Modulatory effects of cognitive exertion on regional functional connectivity of the salience network in women with ME/CFS: A pilot study.
Manca, Riccardo, Khan, Katija, Mitolo, Micaela et al. · Journal of the neurological sciences · 2021 · DOI
Quick Summary
This study looked at how the brain responds to mental effort in women with ME/CFS compared to healthy women. Researchers used brain imaging to examine specific networks involved in attention and awareness before and after a cognitive task. Women with ME/CFS experienced increased fatigue and pain after the mental exertion, while a particular brain region (the insula) showed stronger connections to areas controlling reward and decision-making—changes that matched worsening symptoms.
Why It Matters
Post-exertional malaise (PEM) is a hallmark and debilitating feature of ME/CFS with poorly understood neurobiological mechanisms. This study provides preliminary evidence that cognitive exertion triggers specific brain network abnormalities linked to symptom worsening, potentially opening new avenues for understanding the neurobiology of PEM and identifying therapeutic targets.
Observed Findings
Cognitive exertion induced significant increases in fatigue and pain symptoms in ME/CFS patients compared to controls, with no changes in objective cognitive performance in either group.
Patients with ME/CFS showed baseline alterations in functional connectivity of the default-mode network compared to controls, particularly between frontal areas and other DMN seeds.
Following cognitive exertion, patients (but not controls) demonstrated significantly greater functional connectivity increases between the right insula and frontal and subcortical regions.

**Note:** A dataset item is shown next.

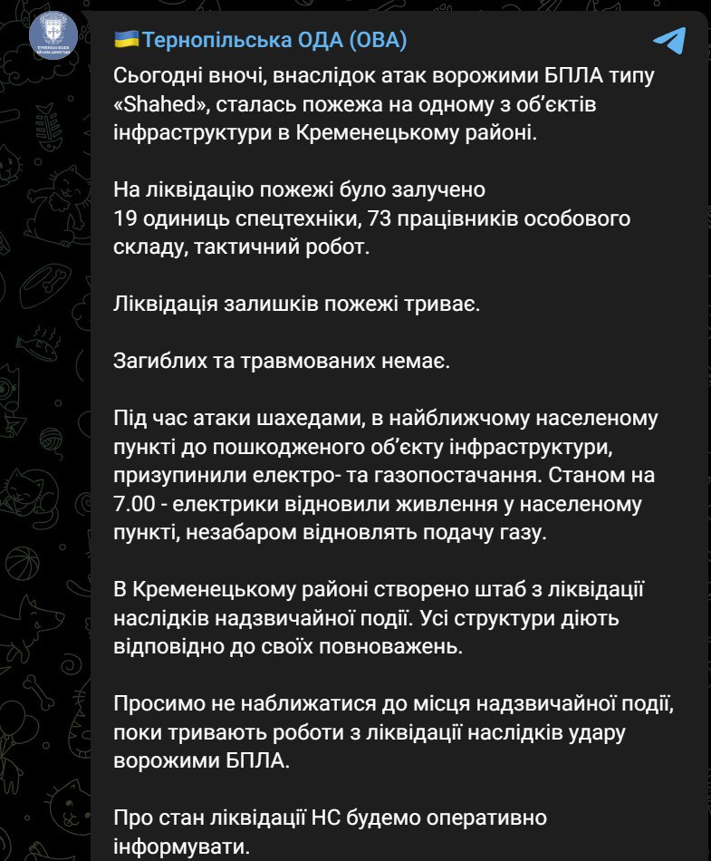 09.55 После ночного удара "Шахедов" горит объект инфраструктуры в Кременецком районе Тернопольской области, сообщает ОВА.

These insula-related functional connectivity increases were significantly correlated with worsening of fatigue and pain symptoms in ME/CFS patients.
Inferred Conclusions
Cognitive exertion can trigger post-exertional malaise symptoms in women with ME/CFS through alterations in salience network functional connectivity.
Enhanced connectivity between the right insula and regions involved in reward processing and cognitive control may represent a neural signature of symptom exacerbation in response to cognitive demand.
The salience network, particularly the insula, appears to play a key role in the neurobiological mechanisms underlying PEM in ME/CFS.
Remaining Questions
Would similar patterns of brain connectivity changes and symptom exacerbation be observed in men with ME/CFS or across different ME/CFS symptom presentations?
What This Study Does Not Prove
This pilot study does not prove that insula hyperconnectivity causes PEM or that it is specific to ME/CFS—the small sample size (6 patients) and observational design prevent causal claims. It does not establish whether these brain changes occur before, during, or after symptom worsening, nor does it confirm whether similar patterns would be found in men or across diverse ME/CFS presentations. Correlation between FC changes and symptom reports does not establish mechanism.
What is the temporal relationship between insula connectivity changes and symptom onset—do these brain changes precede, accompany, or follow symptom worsening?
Do other types of exertion (physical, orthostatic) produce similar or distinct patterns of functional connectivity disruption compared to cognitive exertion?
Could targeted interventions that modulate salience network function reduce post-exertional symptom severity in ME/CFS patients?